In Peru, maca is a food. At the Third Annual Maca Festival in Churin, Peru, we sampled numerous products made with the sex-enhancing root. Peruvians make cookies, cakes, hot porridge, chips and blender drinks with maca root, which has a pleasant flavor similar to graham flour.

The Importance of Maca in the History of Peru

Maca's cultivation goes back perhaps five millenia. It was an integral part of the diet and commerce of the high Andes regions. When they controlled that particular South American area, the Incas found maca so potent that they restricted its use to their Royalty's court. Upon overrunning the Inca people, conquering Spaniards became aware of this plant's value and collected tribute in maca roots for export to Spain. Maca was used as an energy enhance and for nutrition by the Spanish Royalty as well. But eventually knowledge for maca's special qualities died out, being preserved only in a few remote Peruvian communities.

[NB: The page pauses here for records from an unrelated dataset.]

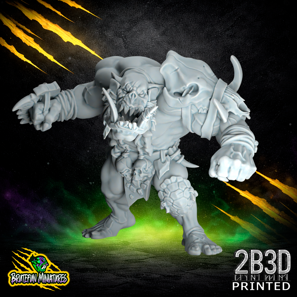 The Savage Orc Brawler 01 is a 32mm high-detail resin fantasy football miniature from BruteFun Miniatures, professionally printed by 2B3D for the Savage Orcs team. This sculpt showcases the sheer physical power of the jungle tribes, featuring an orc in a grounded, ready-to-rumble stance. The character is laden with primitive detail: oversized stone-carved gauntlets with lethal spikes, bone trophies lashed to a heavy back-plate, and tattered leather loincloths. The anatomy is rendered with extreme precision, highlighting bulging muscles and a snarling, tusked visage that captures the feral spirit of the team. As a dedicated brawler, this model is designed to be the immovable object on your line of scrimmage. Expertly produced by 2B3D, this miniature provides a premium hobby experience for those looking to paint intricate textures of stone, bone, and weathered skin.
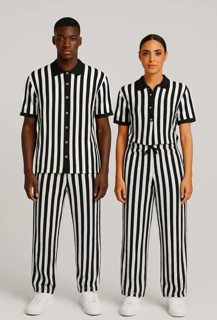 Découvrez notre ensemble rayé unisexe, parfait pour un look audacieux et moderne. Confortable et tendance, idéal pour toutes occasions.
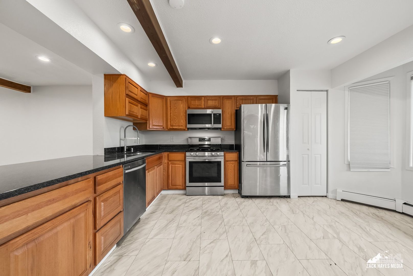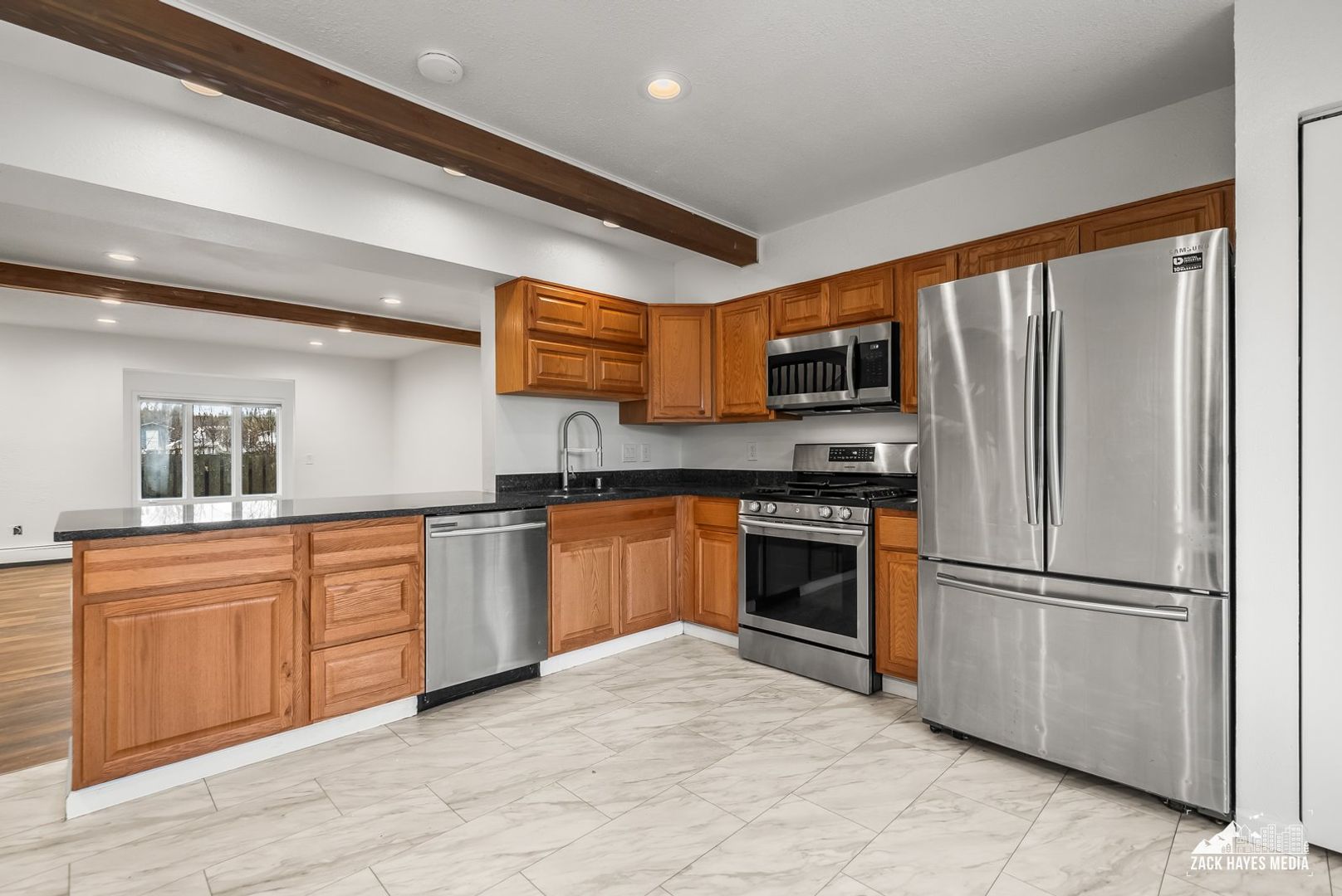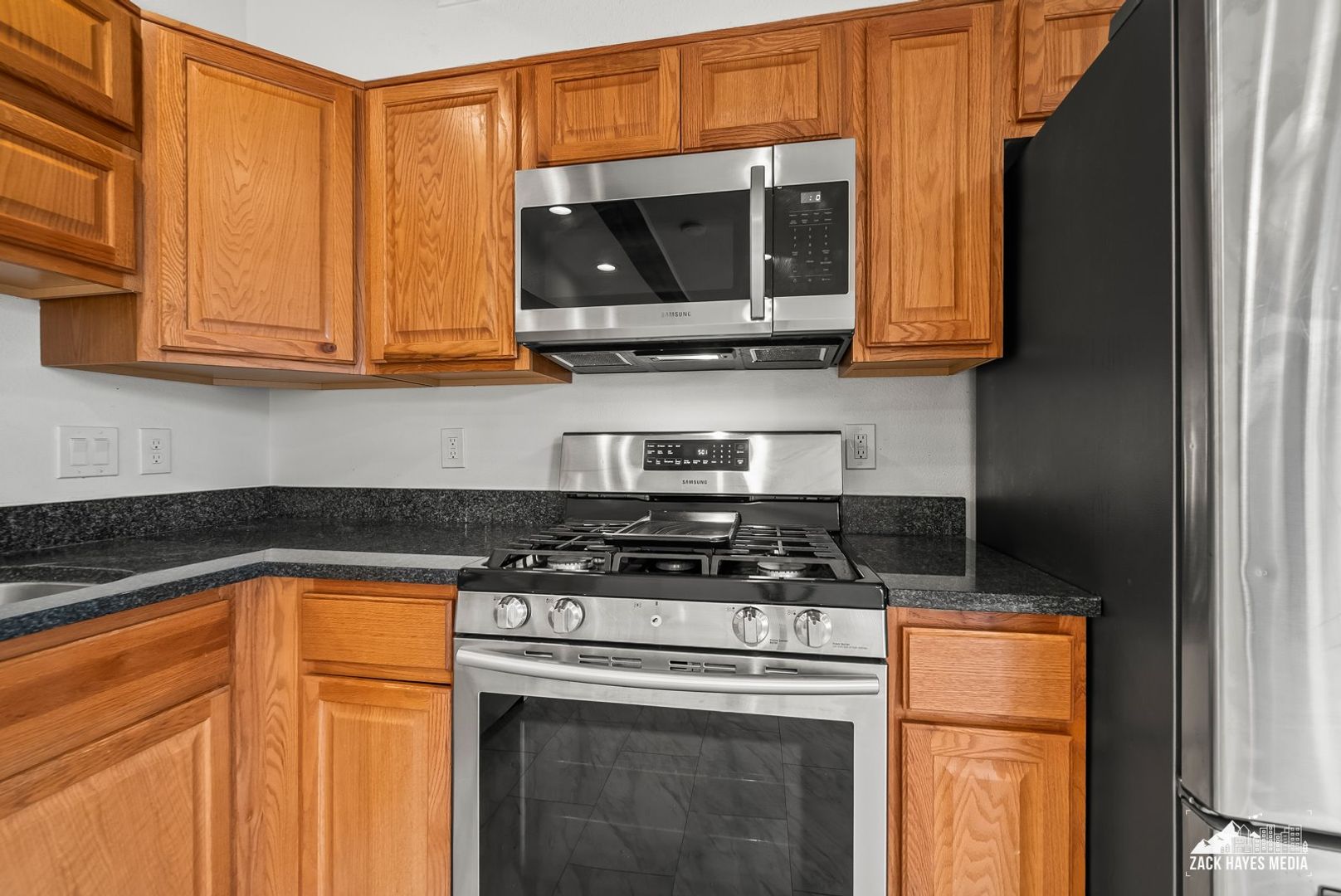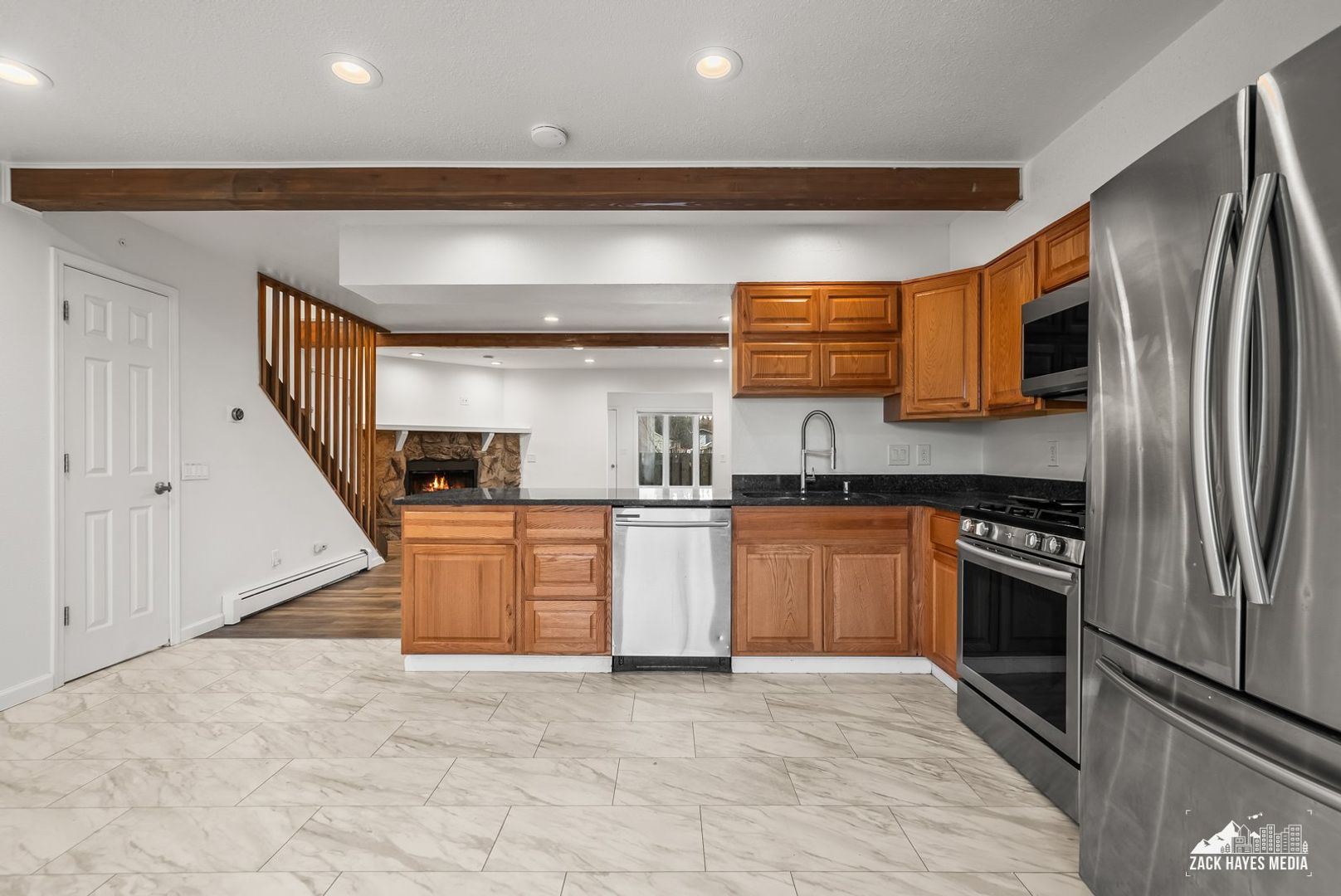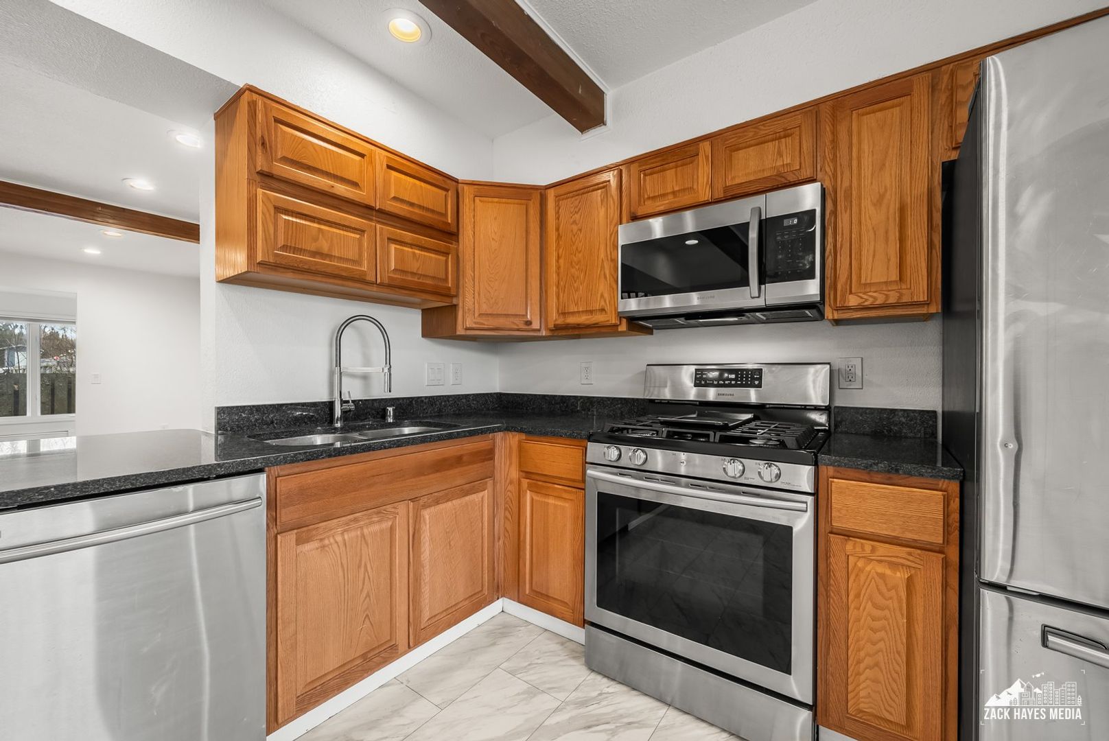 * Kitchen equipped with matching stainless steel appliances: microwave, gas stove, refrigerator, dishwasher.
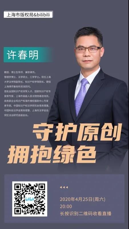 4月25日,上海市版权局特邀公司许春明教授通过B站直播的方式讲授“守护原创、拥抱绿色”主题讲座。
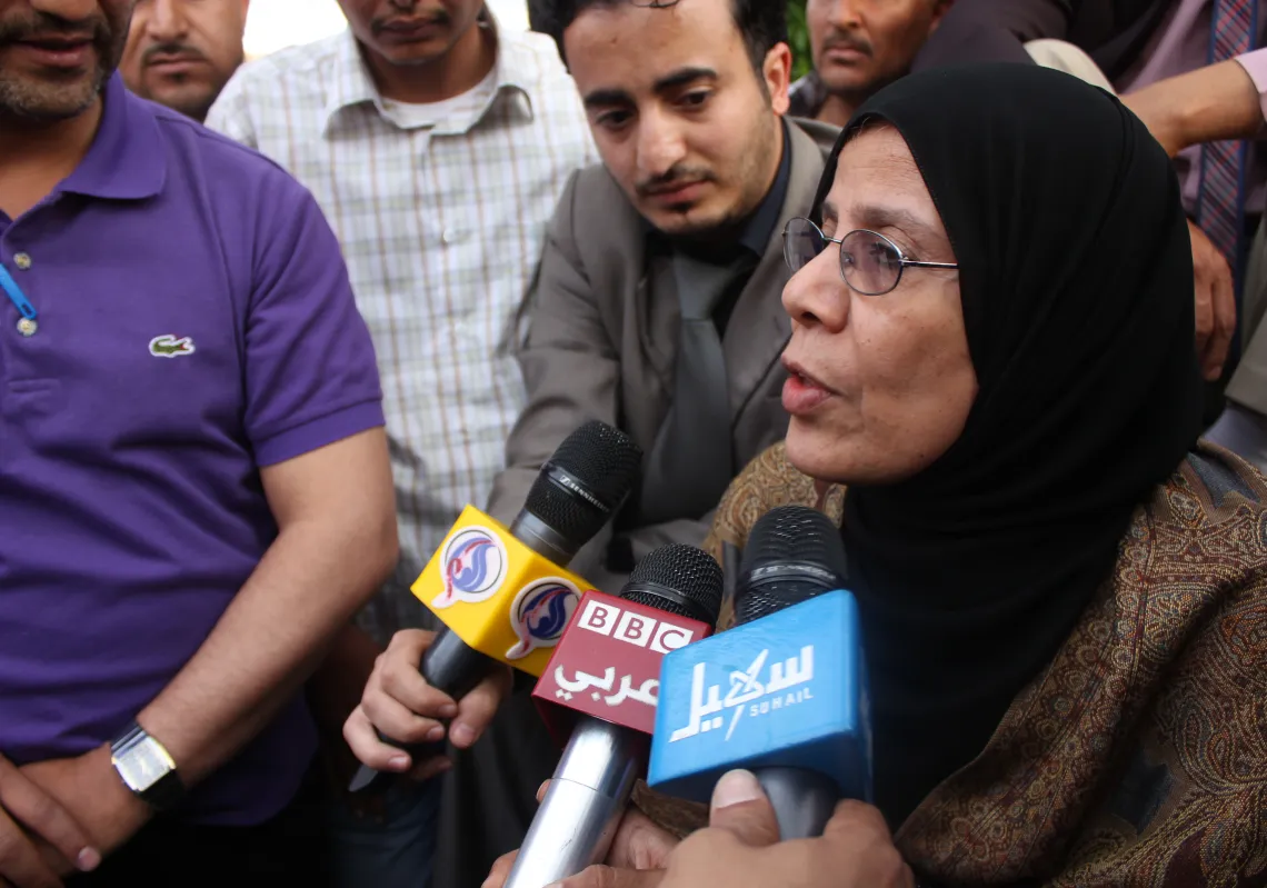 [caption id="attachment_55242258" align="aligncenter" width="620"] Yemen's human rights minister, Huriya Mashour, answers journalists' questions. She joined youth activists who went on hunger strike…
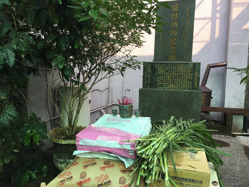 動保處表示,每逢中元節就會準備供品到碑前參拜,貓飼料、狗飼料、鳥飼料、牧草都是供品之一,有趣的是,拜完動物好兄弟,動保處還會轉往辦公室大門口祭拜好兄弟,一天之內就要拜上2次。

In the 1960's and later in the 1980's, German and North American scientists researching botanicals in Peru, rekindled interest in maca through nutritional analyses of what was designated as 'the lost crop of the Andes'. The publication of a book by that name introduced maca to the world. At an international conference in 1991, the Food and Agriculture Organization (FAO) of the United nations recommended that Peruvians should return to eating traditional, native Andean foods. Maca was included in the FAO list as a means of combating nutritional problems being caused by people switching to processed foods and high-sugar drinks. The reintroduction of maca has established healthy eating once again in the Peruvian diet.